Information supplied:
• • •

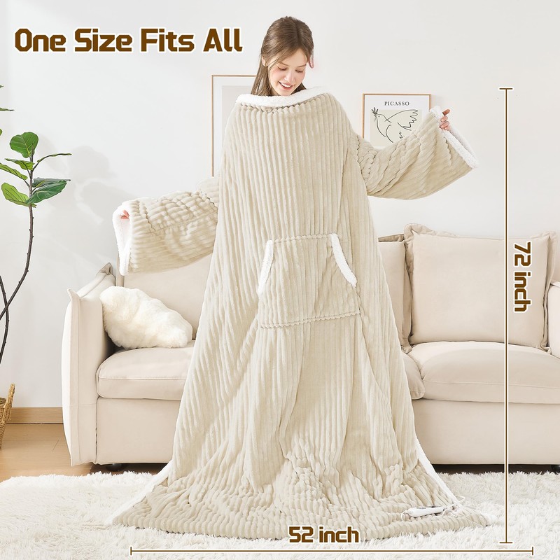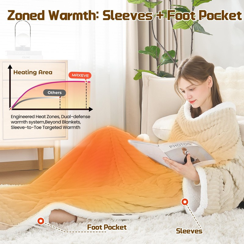 - Heated Wrap Blanket: MAXEVE wearable heated blanket is designed with a convenient foot pocket and sleeves. We also added a button design to prevent the robe from falling off during activities like work, housework, or relaxation. The size of 50*70 inches is perfect, it keeps every part of your body warm, whether it's your hands or feet
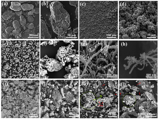 The SEM micrographs in Figure 2 show the morphology of pure powders related to (a,b) Mg, (c,d) Zn, (e,f) bredigite, and (g,h) CNTs that have not yet been subjected to mechanical or chemical stress. For milling and mechanical alloying, 97 wt% and 3 wt% of pure Mg and Zn powder were added to the grinding chamber. Powder particles are constantly subjected to expansion, cold welding, fracture and re-welding during high-energy milling. The result of this process is the formation of alloy powders (MZ) with new surfaces that are the result of the fusion and penetration of particles into each other and the creation of larger particles (Figure 2i,j). Figure 2k,l also show Mg-based composite powders (MZ/Br-CNTs) that were produced by adding bio-ceramic reinforcements of bredigite and CNTs by SPM method, as indicated by arrows.
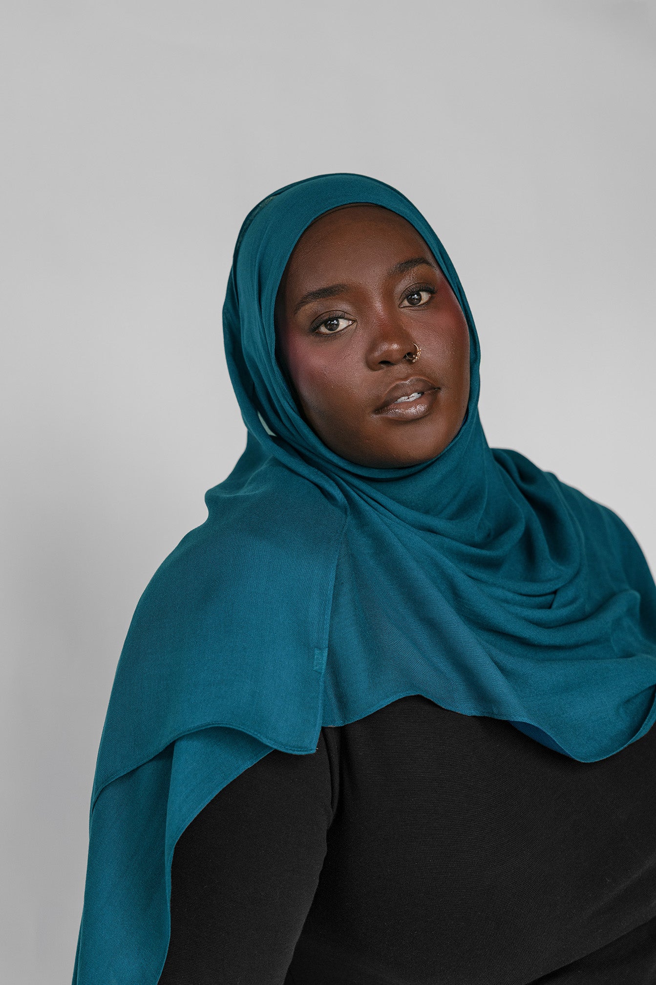 Woman wearing a teal hijab against a plain background

• • •

Task goal:
Give the data again exactly, without pictures.

Answer space:
 - Heated Wrap Blanket: MAXEVE wearable heated blanket is designed with a convenient foot pocket and sleeves. We also added a button design to prevent the robe from falling off during activities like work, housework, or relaxation. The size of 50*70 inches is perfect, it keeps every part of your body warm, whether it's your hands or feet
 The SEM micrographs in Figure 2 show the morphology of pure powders related to (a,b) Mg, (c,d) Zn, (e,f) bredigite, and (g,h) CNTs that have not yet been subjected to mechanical or chemical stress. For milling and mechanical alloying, 97 wt% and 3 wt% of pure Mg and Zn powder were added to the grinding chamber. Powder particles are constantly subjected to expansion, cold welding, fracture and re-welding during high-energy milling. The result of this process is the formation of alloy powders (MZ) with new surfaces that are the result of the fusion and penetration of particles into each other and the creation of larger particles (Figure 2i,j). Figure 2k,l also show Mg-based composite powders (MZ/Br-CNTs) that were produced by adding bio-ceramic reinforcements of bredigite and CNTs by SPM method, as indicated by arrows.
 Woman wearing a teal hijab against a plain background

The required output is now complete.